### Dataset excerpts

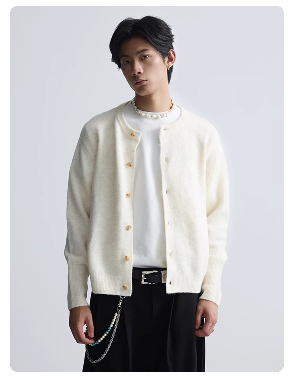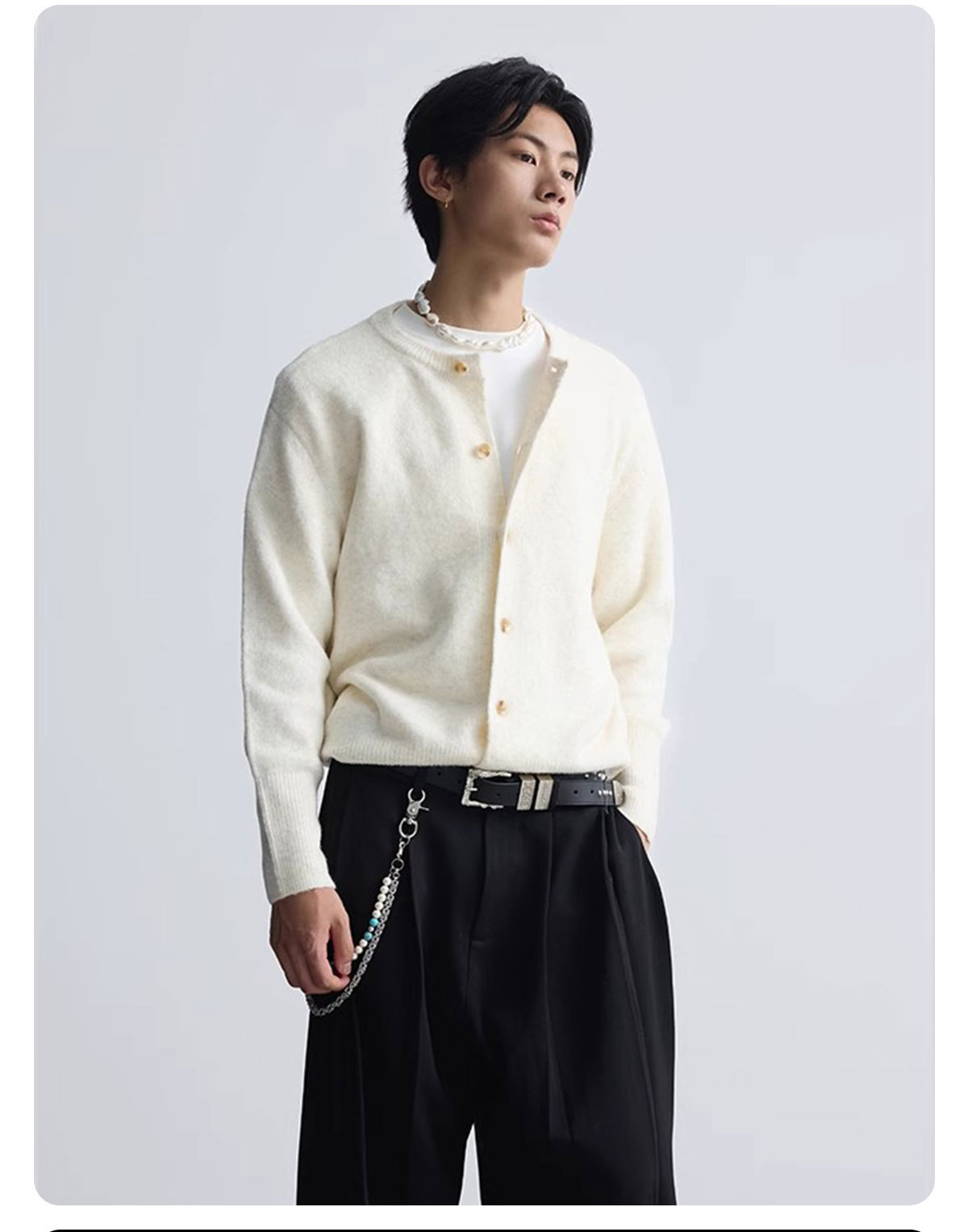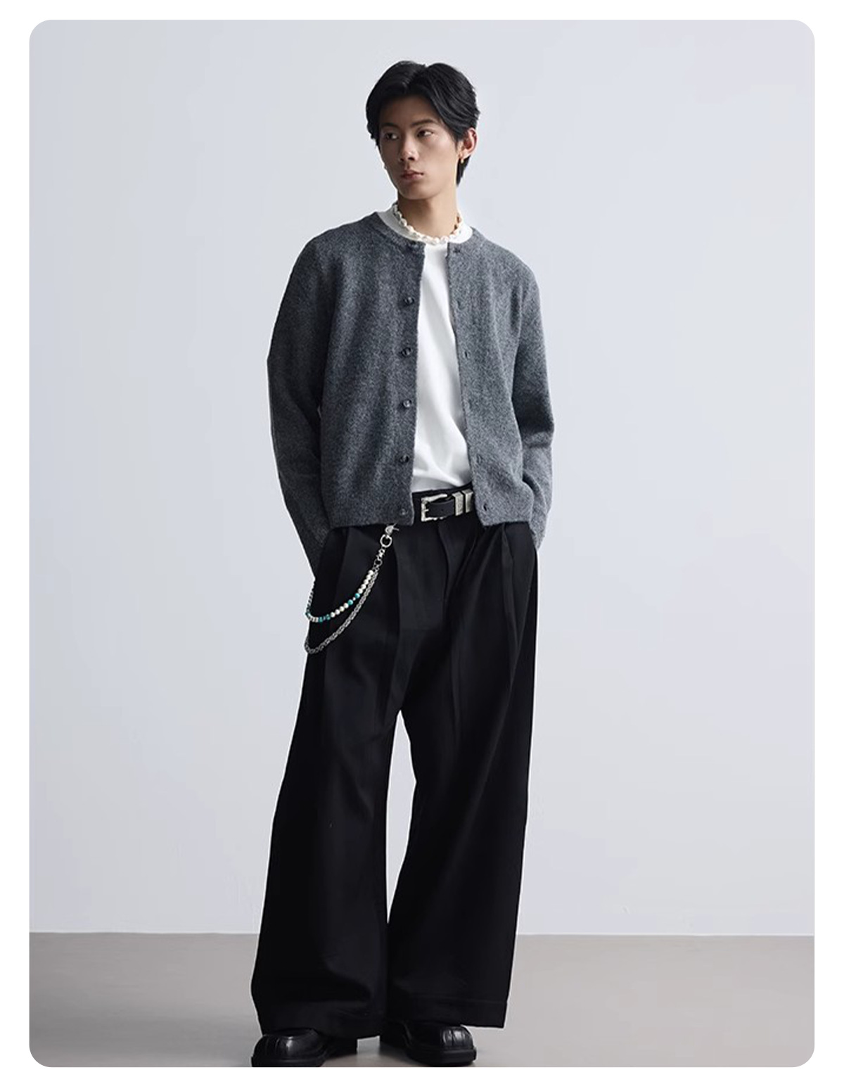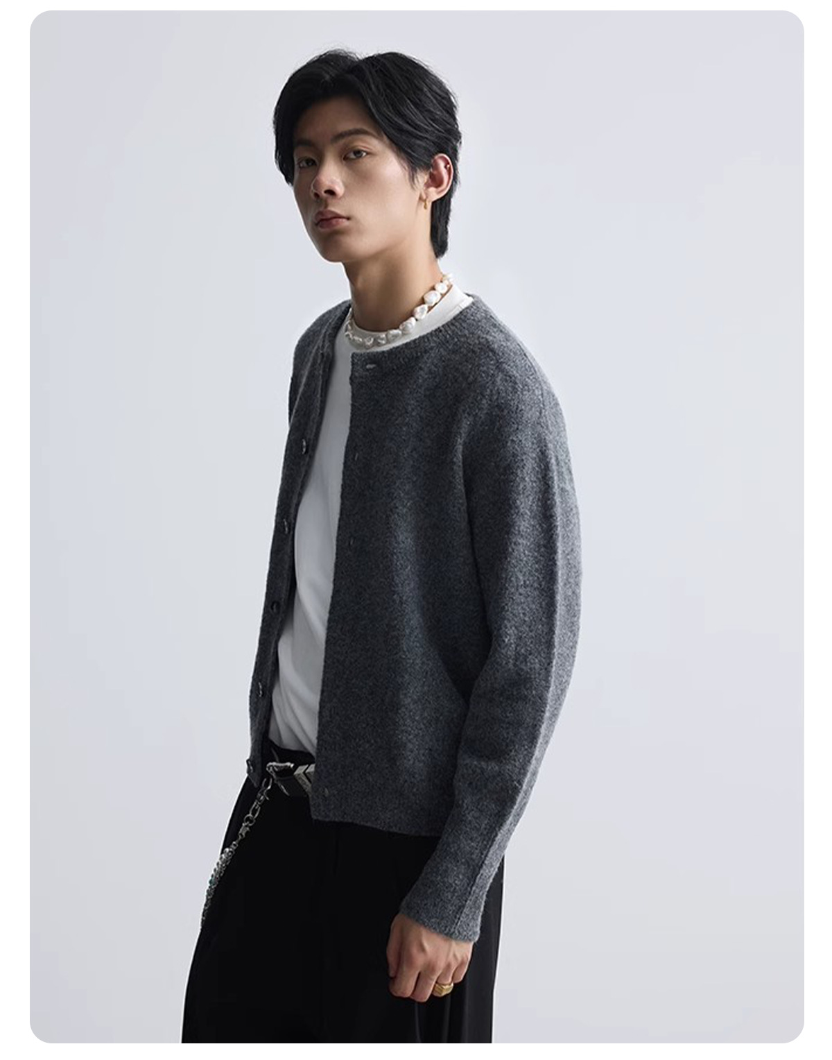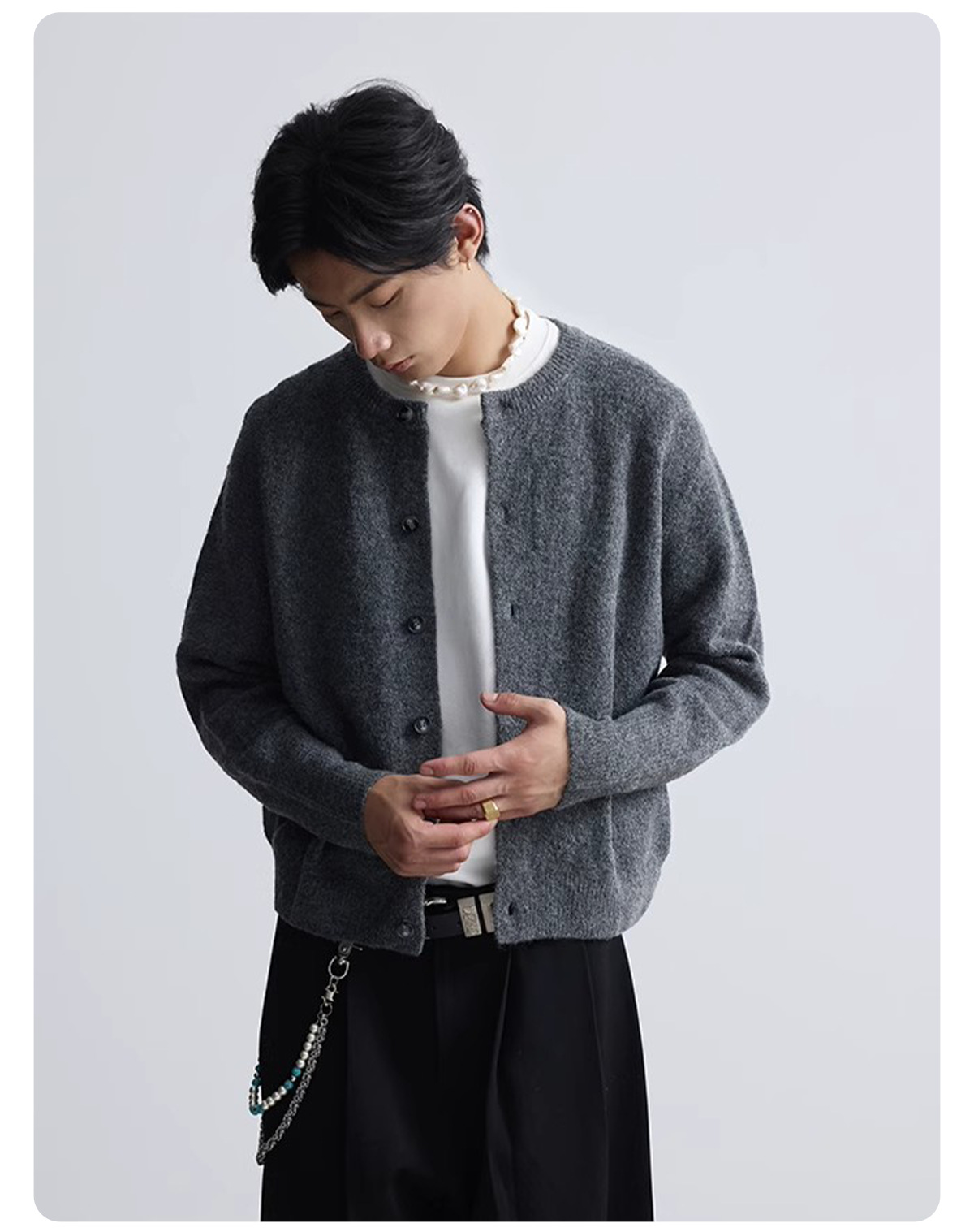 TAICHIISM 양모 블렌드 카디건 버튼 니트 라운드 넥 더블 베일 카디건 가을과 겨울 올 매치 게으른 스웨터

* * *

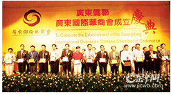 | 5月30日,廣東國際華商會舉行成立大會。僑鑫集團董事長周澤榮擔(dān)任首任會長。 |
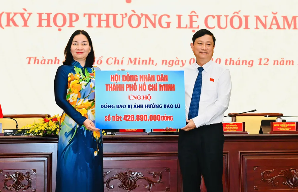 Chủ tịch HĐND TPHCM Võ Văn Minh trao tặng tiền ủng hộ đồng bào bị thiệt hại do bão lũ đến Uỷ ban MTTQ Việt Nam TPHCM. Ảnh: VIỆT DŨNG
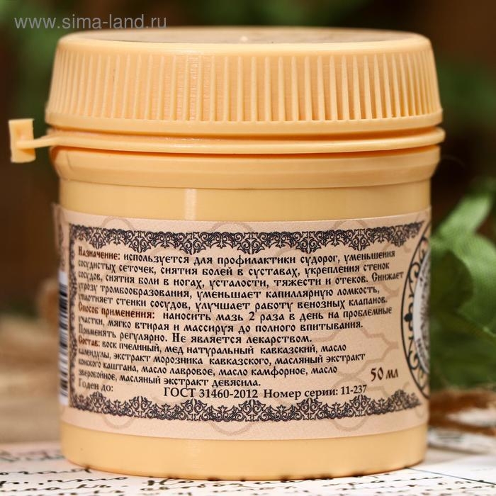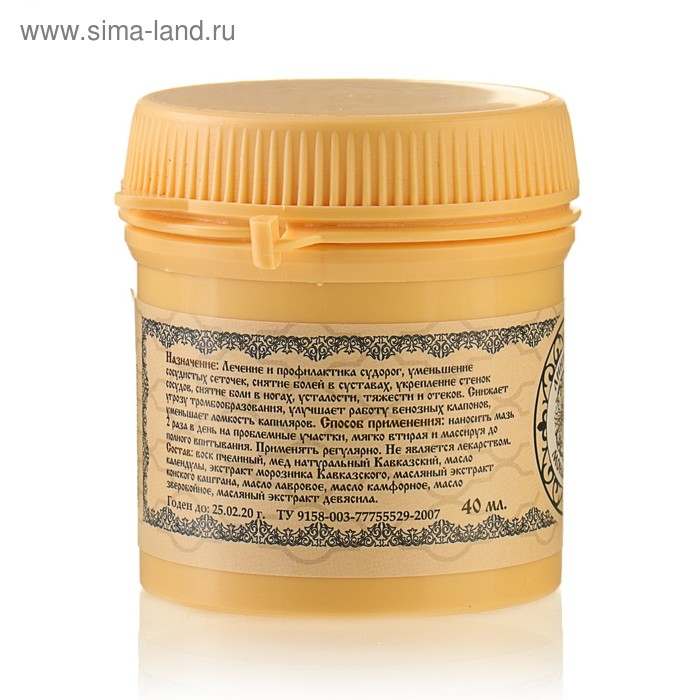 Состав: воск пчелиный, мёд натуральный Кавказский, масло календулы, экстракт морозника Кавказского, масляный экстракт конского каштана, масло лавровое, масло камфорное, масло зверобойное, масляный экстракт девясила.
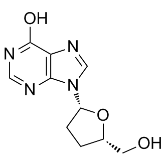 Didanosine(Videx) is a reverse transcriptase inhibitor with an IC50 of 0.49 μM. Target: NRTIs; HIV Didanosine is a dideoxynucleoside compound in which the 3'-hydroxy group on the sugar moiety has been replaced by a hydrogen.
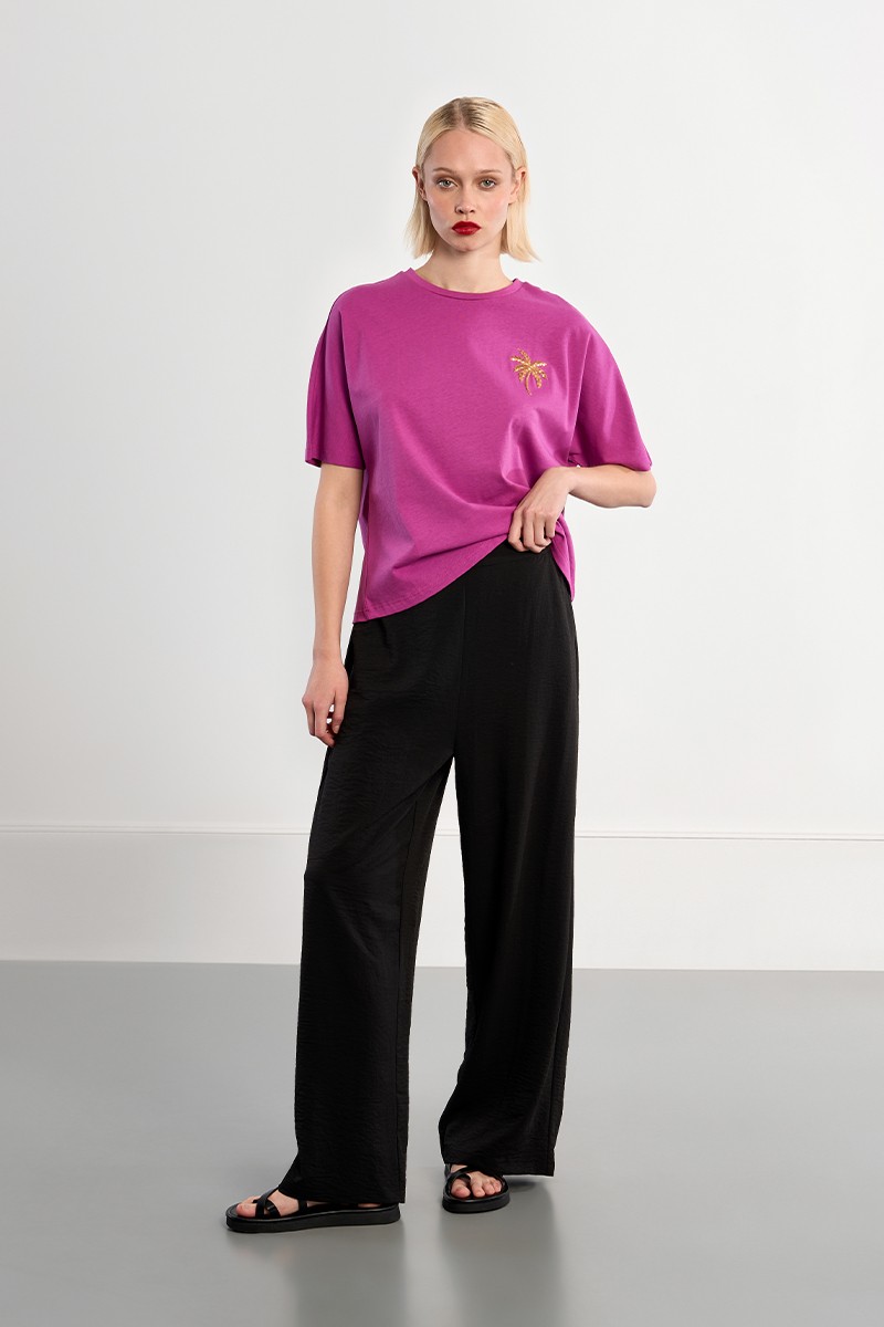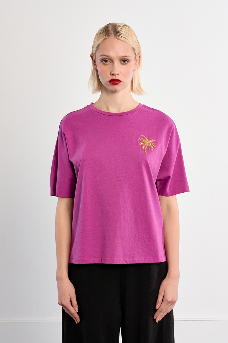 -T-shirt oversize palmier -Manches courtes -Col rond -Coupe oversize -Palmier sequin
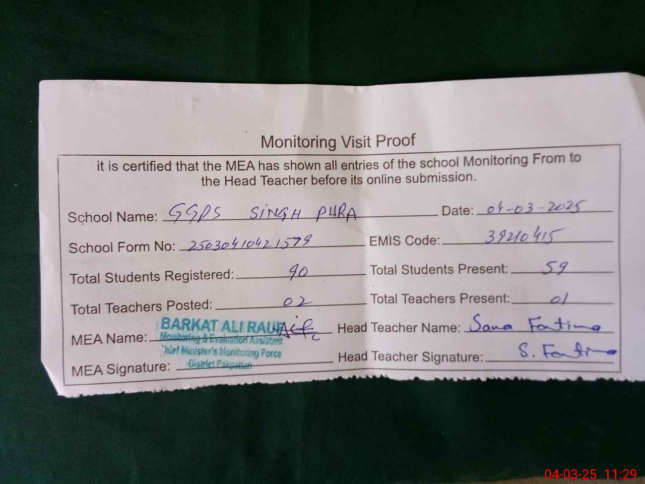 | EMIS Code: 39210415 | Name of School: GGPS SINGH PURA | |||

* * *

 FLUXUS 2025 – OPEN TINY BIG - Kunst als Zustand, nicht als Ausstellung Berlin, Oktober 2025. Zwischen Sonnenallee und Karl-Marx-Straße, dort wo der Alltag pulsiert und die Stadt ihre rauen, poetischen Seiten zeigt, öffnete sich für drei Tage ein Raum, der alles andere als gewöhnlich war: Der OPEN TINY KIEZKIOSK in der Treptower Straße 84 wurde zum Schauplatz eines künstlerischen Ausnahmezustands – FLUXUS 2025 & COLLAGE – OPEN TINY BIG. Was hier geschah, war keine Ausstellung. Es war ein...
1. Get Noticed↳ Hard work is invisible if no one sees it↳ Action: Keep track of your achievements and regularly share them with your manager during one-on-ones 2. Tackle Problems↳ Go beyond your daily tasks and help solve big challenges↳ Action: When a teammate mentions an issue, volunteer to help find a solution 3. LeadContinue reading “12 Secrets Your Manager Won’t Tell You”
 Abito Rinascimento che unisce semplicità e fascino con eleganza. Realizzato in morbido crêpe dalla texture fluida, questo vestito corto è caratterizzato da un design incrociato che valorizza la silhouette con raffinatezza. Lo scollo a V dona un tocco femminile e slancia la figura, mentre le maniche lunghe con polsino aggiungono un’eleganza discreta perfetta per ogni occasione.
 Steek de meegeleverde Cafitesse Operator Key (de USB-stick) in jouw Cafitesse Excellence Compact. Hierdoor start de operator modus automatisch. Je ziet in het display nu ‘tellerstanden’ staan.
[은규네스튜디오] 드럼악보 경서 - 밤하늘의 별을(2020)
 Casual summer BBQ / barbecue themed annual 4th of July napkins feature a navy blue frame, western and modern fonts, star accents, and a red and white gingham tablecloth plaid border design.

### What you are asked to do
All lines in the entries above that include "design" should be found and copied.

### Answer to the problem
 Abito Rinascimento che unisce semplicità e fascino con eleganza. Realizzato in morbido crêpe dalla texture fluida, questo vestito corto è caratterizzato da un design incrociato che valorizza la silhouette con raffinatezza. Lo scollo a V dona un tocco femminile e slancia la figura, mentre le maniche lunghe con polsino aggiungono un’eleganza discreta perfetta per ogni occasione.
 Casual summer BBQ / barbecue themed annual 4th of July napkins feature a navy blue frame, western and modern fonts, star accents, and a red and white gingham tablecloth plaid border design.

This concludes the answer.